March 3 is World Wildlife Day. The day was set aside by the United Nations (UN) to celebrate and raise awareness of wild animals and plants. “Forests and Livelihoods: Sustaining People and Planet” is this year’s theme. The theme highlights the central role of forests, forest species and ecosystems services in sustaining the livelihoods of hundreds of millions of people globally, and particularly of indigenous and local communities with historic ties to forested and forest-adjacent areas.
“It is all about the trees, the butterflies and my sweep net. The trees bring the butterflies and these butterflies earn me a livelihood,” says Abbas Athman, an Arabuko-Sokoke forest-adjacent dweller.
Athman has mastered the patience, calmness and agility to dart and flit with butterflies in one of the most rewarding businesses in Arabuko-Sokoke Forest: butterfly farming. He can tiptoe, then dart just like the butterflies before bringing them down with a swoop of his net. For 15 years, a sweep net and several indigenous trees dotting his compound are among his precious investments.
Athman neighbours Arabuko-Sokoke forest, the largest remnant of coastal forest in East Africa and a home to many endangered species, a reason why conservation of the forest is critical. However, pressure from the growing population in tandem with the soaring demand for wood fuel and building materials placed the forest in danger.
Enter the butterflies, unlikely saviours. The butterfly export project, which started in 1993 as an initiative by Nature Kenya and the National Museums of Kenya to conserve the forest, has brought together hundreds of farmers living around Arabuko-Sokoke forest. While conserving the critical ecosystem, the project boosts the livelihoods of farmers from across 50 villages around Arabuko-Sokoke who, in a good season, can each earn up to Ksh 15,000.
In the butterfly project, farmers trap adult butterflies and keep them in transparent cages made from nets.

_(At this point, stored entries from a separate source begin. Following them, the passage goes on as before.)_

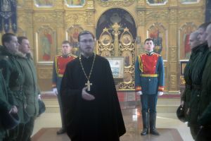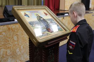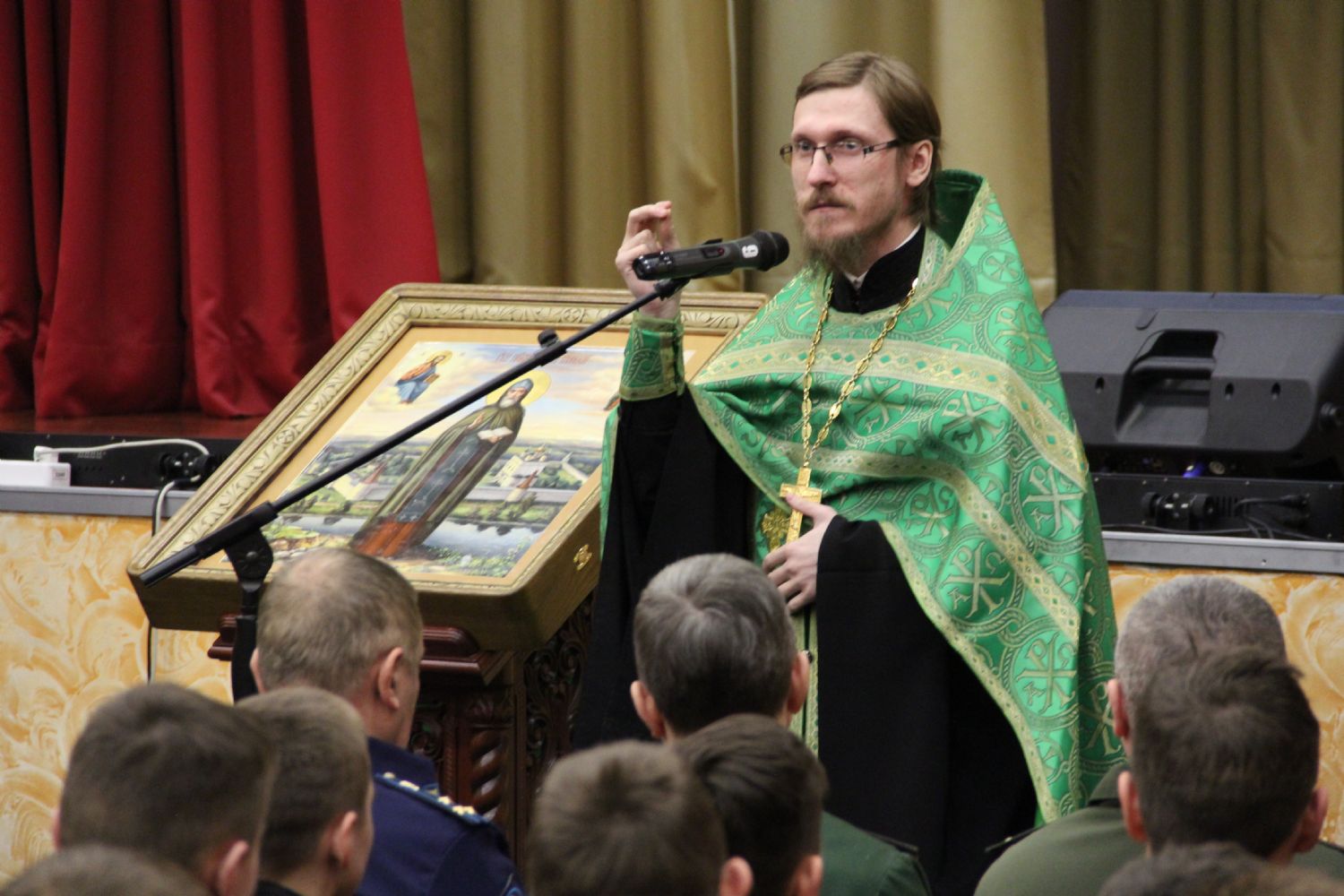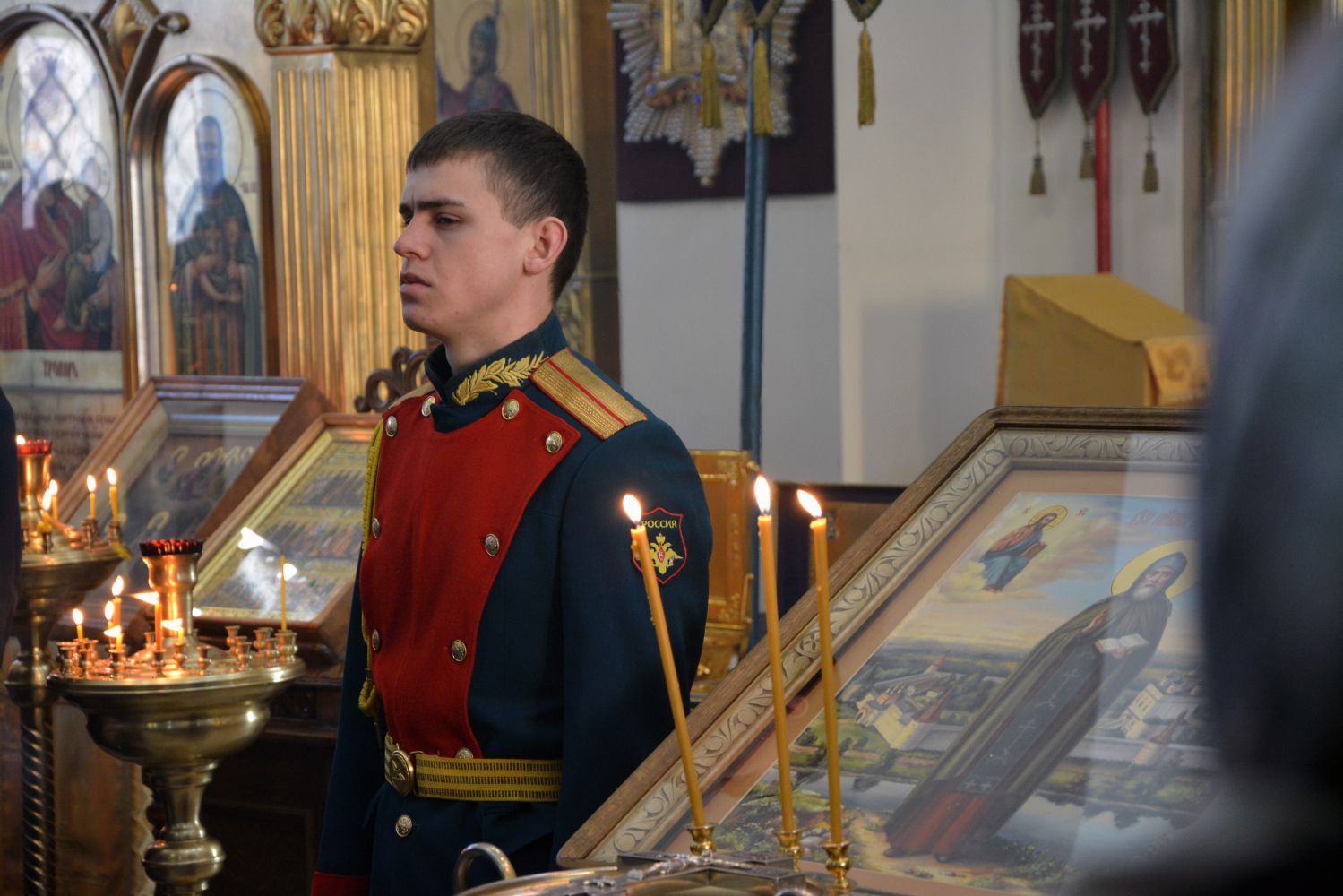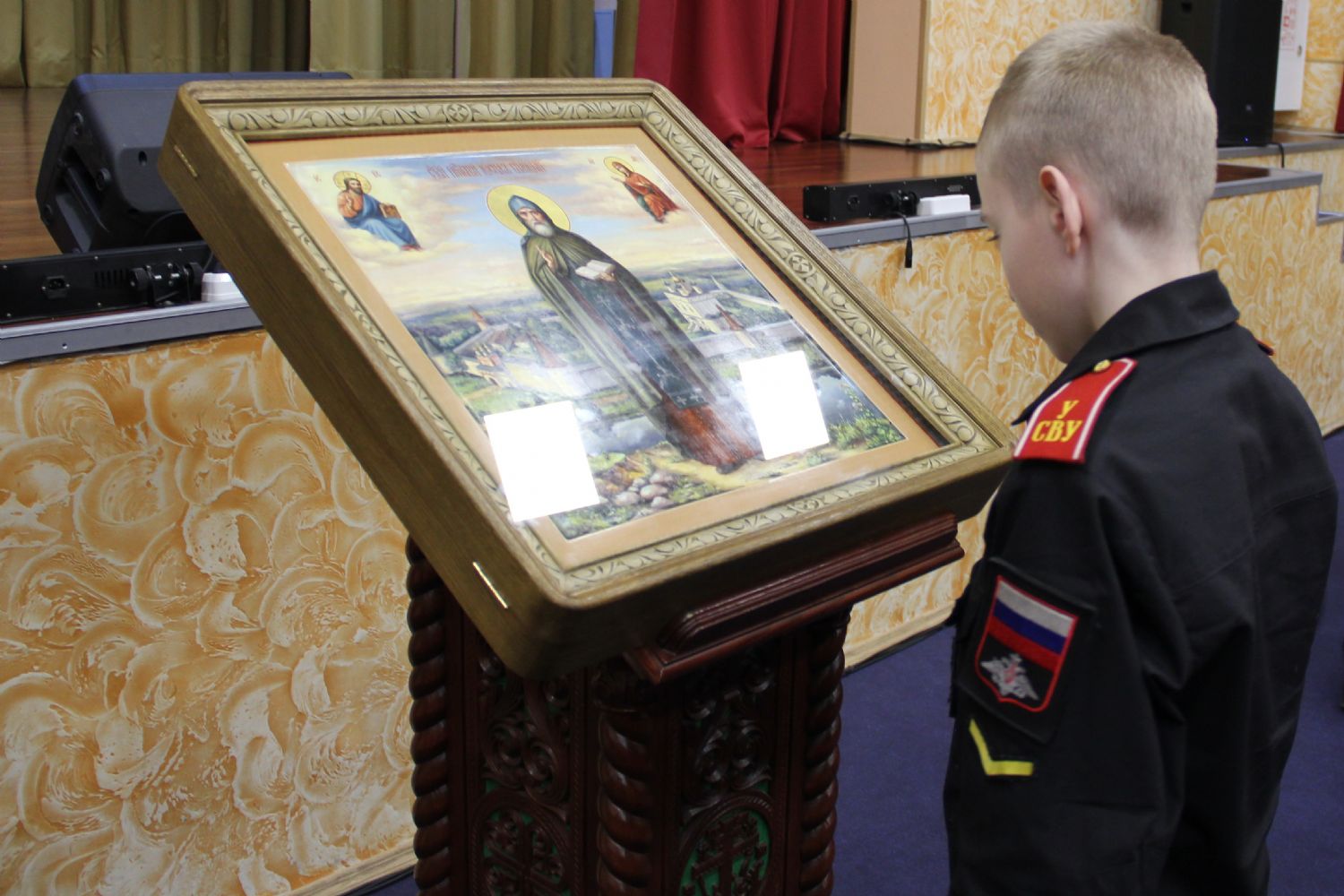 Вечером того же дня святой образ перенесли в Уссурийское Суворовское училище, где ответственный за строительство храма священник II благочиния иерей Павел Моисеев совершил молебен перед святыней в клубе УСВУ. Перед молитвой священник рассказал о благочестивой традиции усваивать видам вооруженных сил и родам войск небесных покровителей и ознакомил присутствующих с жизнеописанием святого Иосифа. На мероприятии присутствовали командование и все воспитанники училища, а также представители МО РФ, которые и сопровождали икону в Приморский край. Затем икона прп. Иосифа Волоцкого вернулась в Покровский храм.
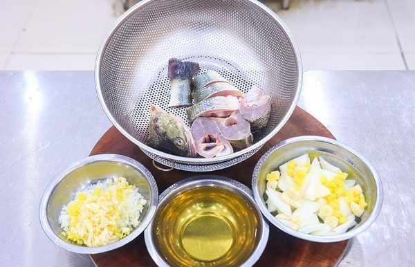 1.準備鱸魚一條,已經提前宰殺好瞭,清洗幹凈後切成均勻的小塊,放入清水中浸泡一會兒去除魚塊中的血水;切點洋蔥片、蒜粒、洋蔥粒放在一起,再切點薑末、蒜末;把浸泡好的魚塊清洗幹凈,瀝水備用。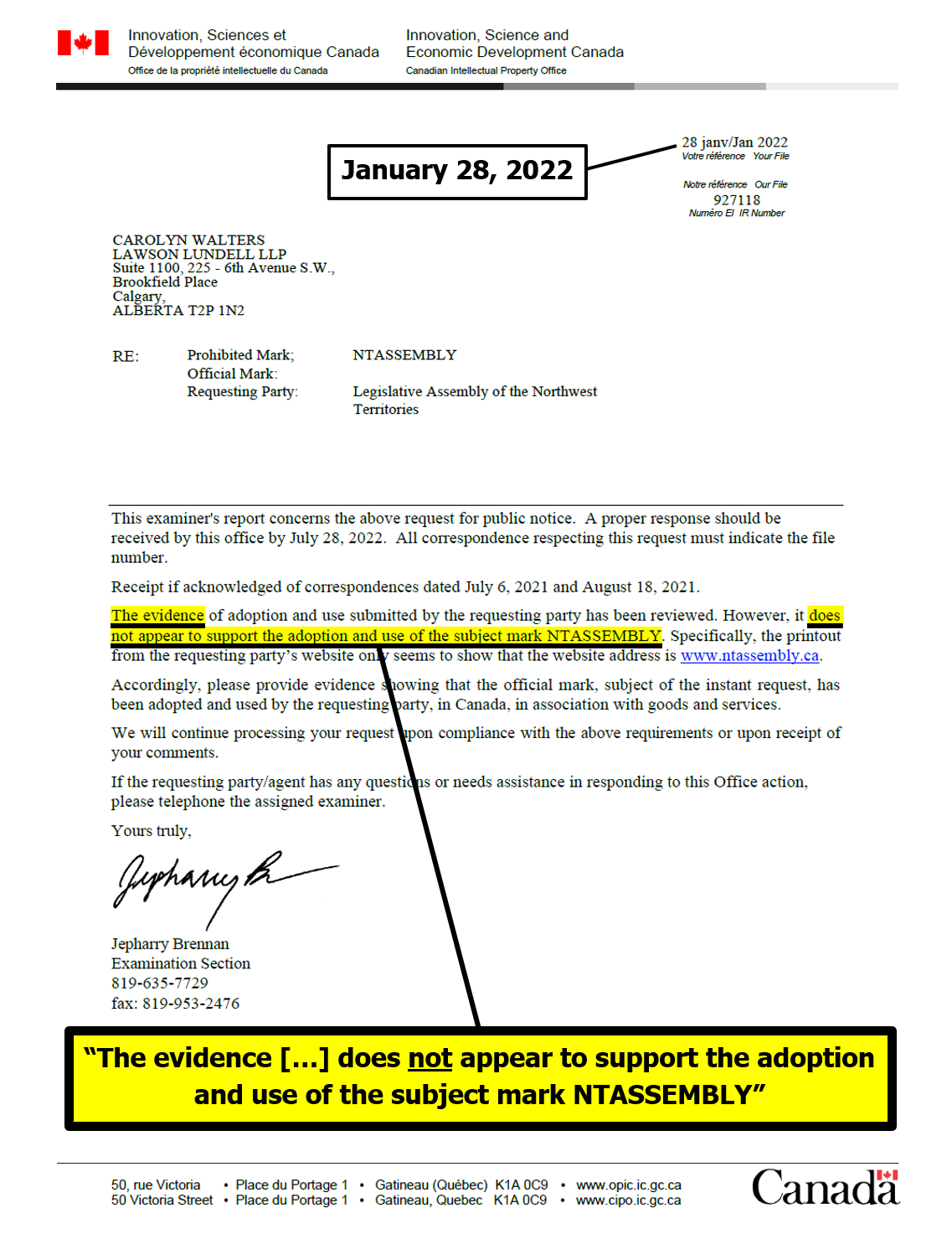 "evidence of adoption and use of NTASSEMBLY" is FALSE: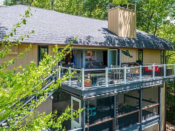 Amazing views outside the beautiful "Panoramic Doors" to the deck, are so inviting! The Panoramic Doors stack to one side, which brings the outdoors inside, very dramatic. Open these doors and let the fresh mountain air fill your home. Fantastic kitchen recently renovated and updated Bosch appliances and the red Bertazzoni gas range. Simply beautiful! Master and guest bedroom with ensuite bathrooms on the main floor and an additional two bedrooms and two baths on the the lower level. In addition the lower level has a family room with screened porch and open deck with steps to the fire pit. Owners have built a beautiful and spacious wine storage and tasting room. Take a glass of wine with you to the fire pit behind the house and enjoy the great mountain views and relax. A golf cart garage is a must in a golf community and this house has one. New roof in 2020. Rinnai water heater installed. Encapsulated crawlspace. Spring and summer will reveal beautiful foliage. Imagine yourself living here behind the gates of Wildcat Cliffs CC with views like this and all of the wonderful amenities of the club! Buyers who purchase a home in Wildcat Cliffs property are required to be members of the Club. Membership in Wildcat Cliffs Country Club is by invitation. Persons interested in membership are invited to inquire for current join fees and associated costs. Club amenities include a clubhouse, golf course, pool, tennis and croquet facilities, fitness center and more! See the U-Tube link to see the fun aerial fly through on the house. https://youtu.be/21KOFAjTAUI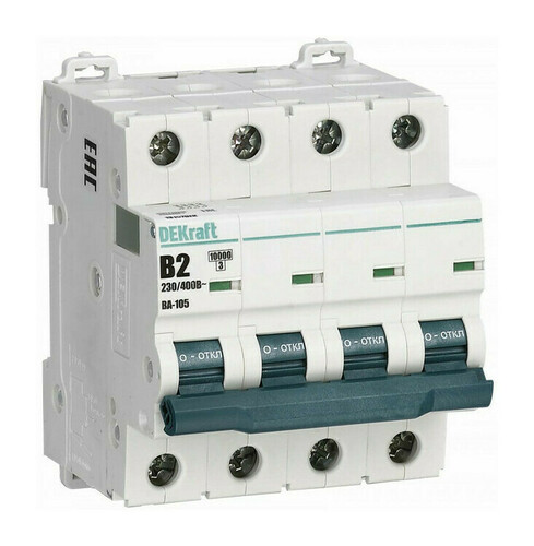 Автоматический выключатель DekRaft ВА-105, 4 полюса, 2А, В, 10 кА 13137DEK DEKraft ВА-105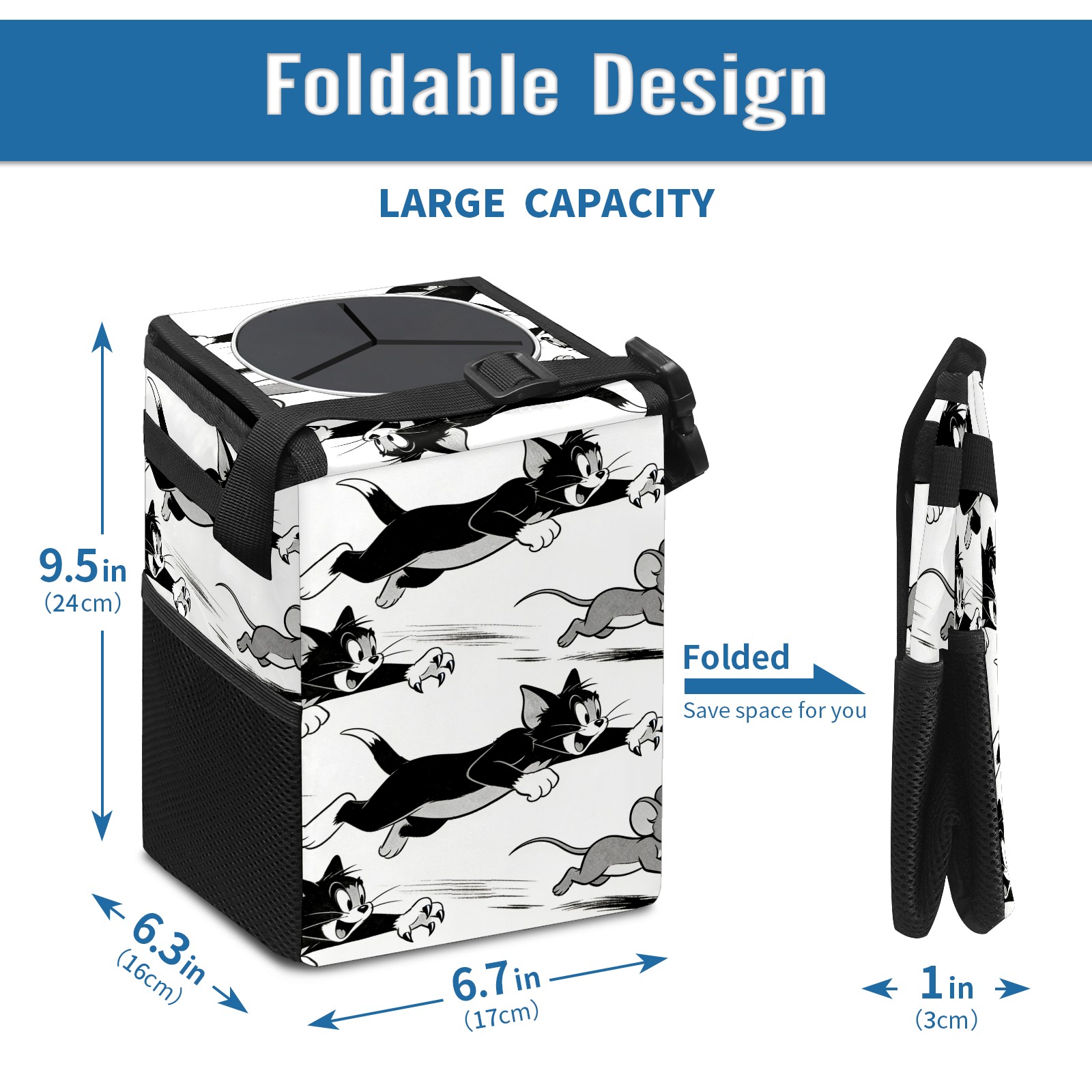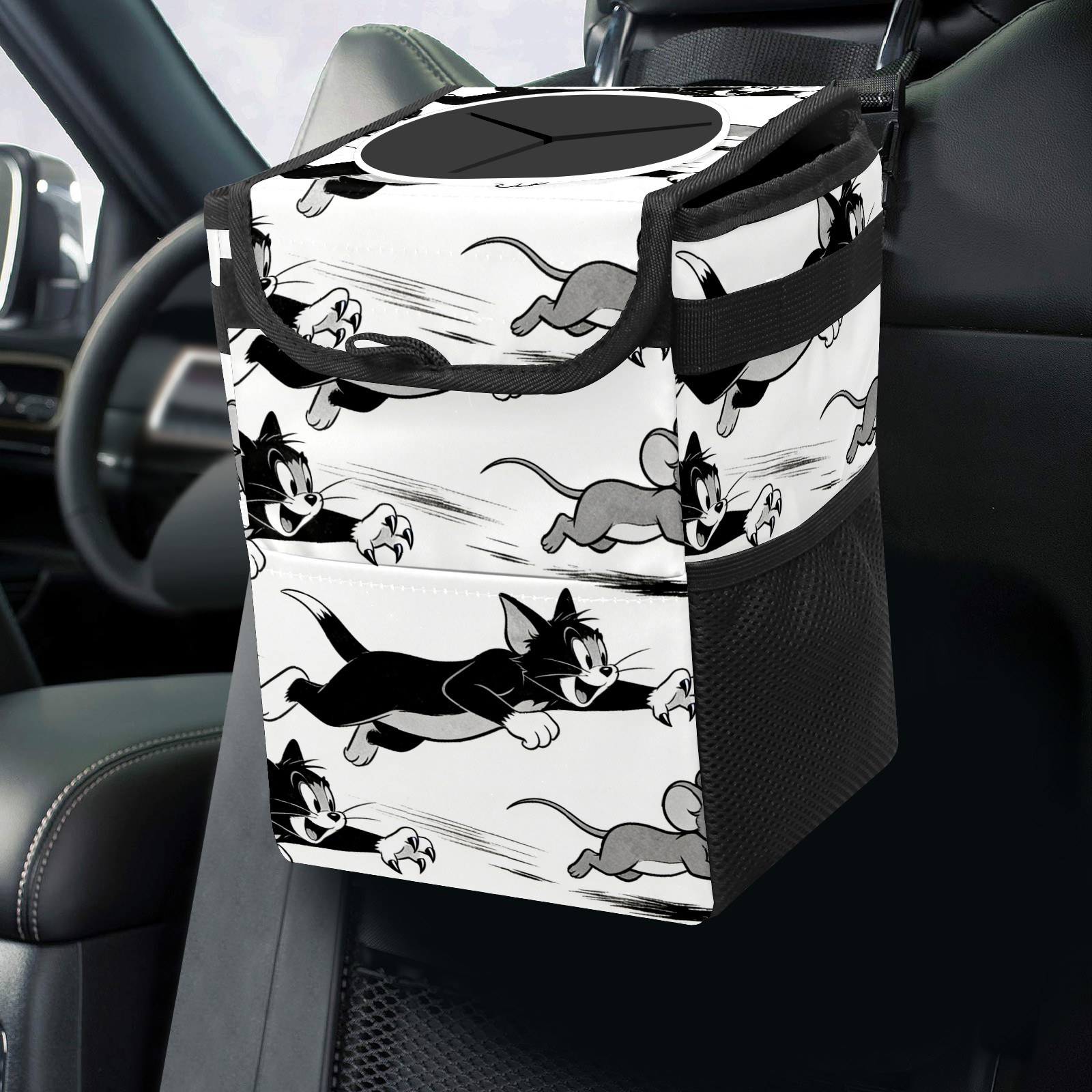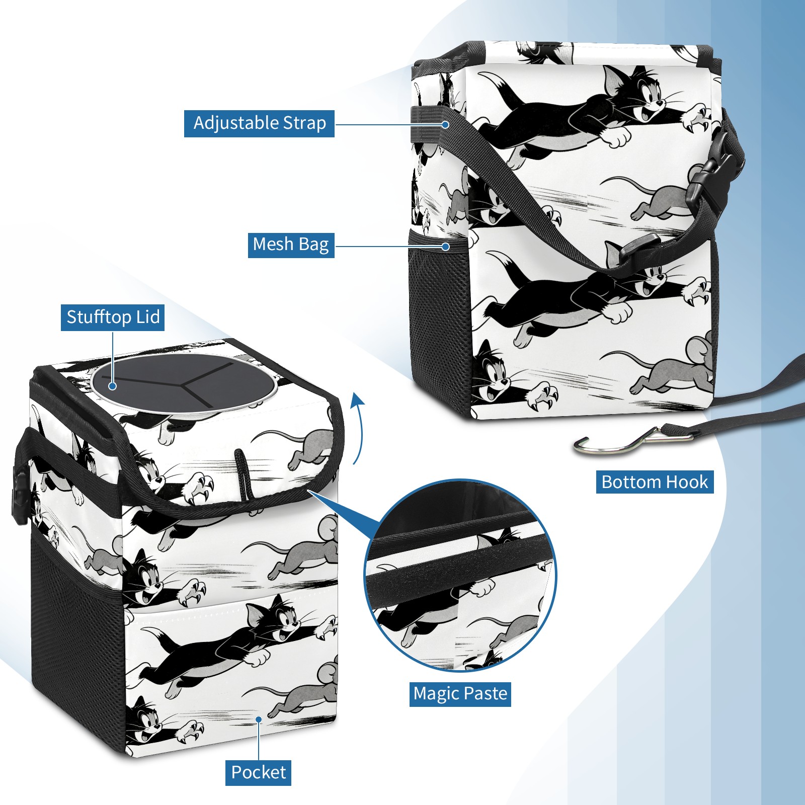 Car Trash Can with Lid, Small Portable Hanging Automotive Garbage Bin for Vehicles, Leakproof Waste Bag Container for SUV Truck Van Interior Auto Travel Road Trips(创作经典IP图123)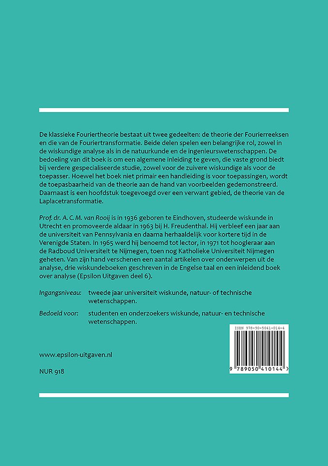 De klassieke Fouriertheorie bestaat uit twee gedeelten: de theorie der Fourierreeksen en die van de Fouriertransformatie. Beide delen spelen een belangrijke rol, zowel in de wiskundige analyse als in de natuurkunde en de ingenieurswetenschappen. De bedoeling van het boek is om een algemene inleiding te geven, die vaste grond biedt bij verdere gespecialiseerde studie, zowel voor de zuivere wiskunde als voor de toepasser. Hoewel het boek niet primair een handleiding is voor toepassingen, wordt de toepasbaarheid van de theorie aan de hand van voorbeelden gedemonstreerd. Daarnaast is een hoofdstuk toegevoegd over een verwant onderwerp, de theorie van de Laplacetransformatie.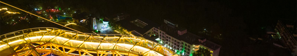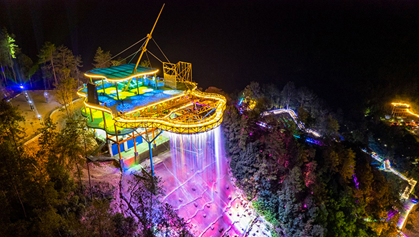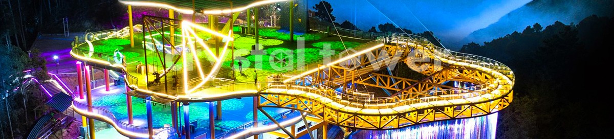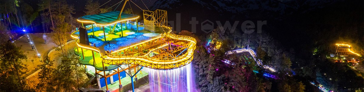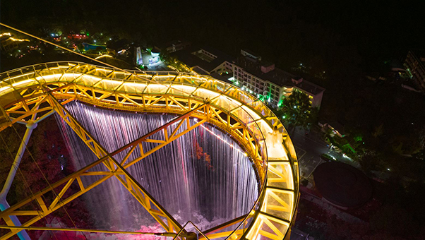 云綜水晶塔總投資 2000 萬元,一層面積 530m2,二層面積 1164m2,三層面積1320m2,總面積約 3000m2,垂直高度約 108m(近 33 層樓高),建在險峻的山體上,共由 21 根巨型鋼柱懸空支撐。獨特的“云”形空中廊橋由平臺向外伸出近 35 米,望去宛如一朵超大的“云”漂浮在高山之上。

Within these cages are different types of trees, which are food for the caterpillars that will become butterflies.
The butterflies lay eggs, which hatch into larvae – caterpillars. The caterpillars feed on the leaves of forest trees, and grow until they turn into pupae. A pupa is a resting stage. Inside the pupa, the caterpillar changes into a butterfly.
Butterfly farmers collect the pupae and bring them to the Kipepeo office, where the farmers are paid for each pupa. The pupae are then exported to different countries where they become part of live butterfly exhibitions.
Exporting pupae does not reduce the butterfly species within the forest, since a butterfly can lay up to 120 eggs. Farmers usually have butterflies in excess and often release them.
The project, Nature Kenya’s Coast Regional Coordinator Francis Kagema said, has helped ease cases of destruction in Arabuko-Sokoke.
“The project has demonstrated to communities the importance of these forests and whenever there are cases of destruction, it is the communities who tip authorities on the case. The project has also demonstrated the importance of growing indigenous trees, a move which has boosted forest cover in the region,” Kagema said.
Protecting the trees for the butterflies has been key in conservation of endemic and endangered species of Arabuko-Sokoke, says Paul Gacheru, Nature Kenya species expert. The forest, he says, hosts six of the rarest and globally threatened bird species including Clarke’s (Kilifi) Weaver, Amani Sunbird, East Coast Akalat, Spotted Ground Thrush, Sokoke Pipit and Sokoke Scops Owl. Arabuko Sokoke is also home to the unique Golden-rumped Sengi (elephant-shrew), over 230 bird species and 250 butterfly species.
Last year when Covid-19 struck, butterfly exhibits closed all over the world, and exports stopped suddenly. Nature Kenya and some of its members provided funds to support the butterfly farmers with small loans and seeds to grow food. This helped them through the worst of the pandemic, and now butterfly exhibits are opening again – including Butterfly House at Fort Jesus, Mombasa.